No association was found between GSTP1 promoter hypermethylation and the GSTP1 genotype, although these mechanisms separately demonstrated a predisposition to breast cancer in the present study and our previous study (25). In the present study, it is notable that the methylation pattern of the GSTP1 gene was found to be independent of age and menopausal status as reported in a previous study (40).

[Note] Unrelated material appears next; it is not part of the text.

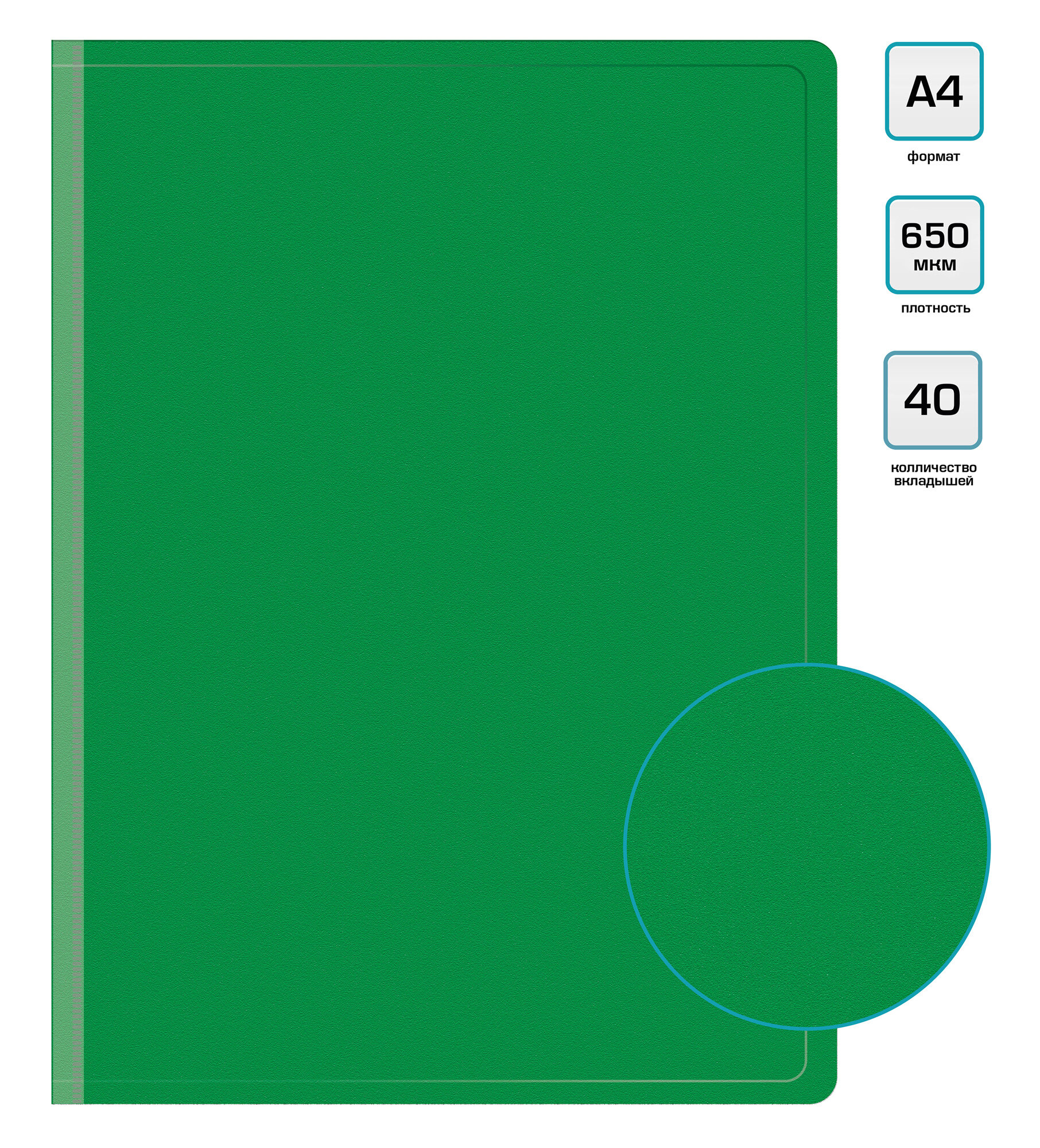 Папка с 40 прозрачными вкладышами A4 зеленая (BPV40GRN) Бюрократ

It has long been recognized that estrogens are linked to breast carcinogenesis (41) and that they cause genotoxic damage (42). Methylation-mediated silencing of the GSTPl gene may alleviate the role of estrogen as an endogenous tumor initiator. In the present study ER+/PR+ status was revealed to be significantly associated with GSTP1 methylation in breast cancer patients from northern parts of India. Significant differences between ethnicities have been reported only in ER−/PR− individuals aged less than 50 years old in African-American and Caucasian females (43). Methylation frequencies were also reported to be significantly higher in certain genes in Caucasian females who are more than 50 years old with ER+/PR+ than in their Korean counterparts. These differences may be explained on the basis of the ethnicity of the studied populations and possibly the associated risk factors. The present study reported similar findings, as age was significantly associated with methylation, as well as with ER and PR status, even though the sample size was small. It is known that estrogen action in normal and abnormal mammary cells is mediated by ER and that ER is overexpressed in more than two-thirds of breast cancer cases. Epigenetic modifications are potentially reversible and therefore, identification of ethnicity-specific methylation markers may be essential for cancer patient management and therapeutic intervention. Our findings suggest that ER/PR-positive tumors provide the possibility of developing biomarkers for therapeutically targeting this population (44).

In the present study, promoter hypermethylation was revealed to be the major factor underlying the loss of GSTP1 expression in breast carcinomas. However, our findings did not demonstrate that epigenetic modification in homozygous mutant individuals with reduced enzymatic activity increases the risk of breast cancer. Our previous results and those of the present study indicate that polymorphism and methylation are independent events that individually affect the risk of breast cancer. These finding may have implications for future chemotherapy regimens based on epigenetic changes and ER/PR status.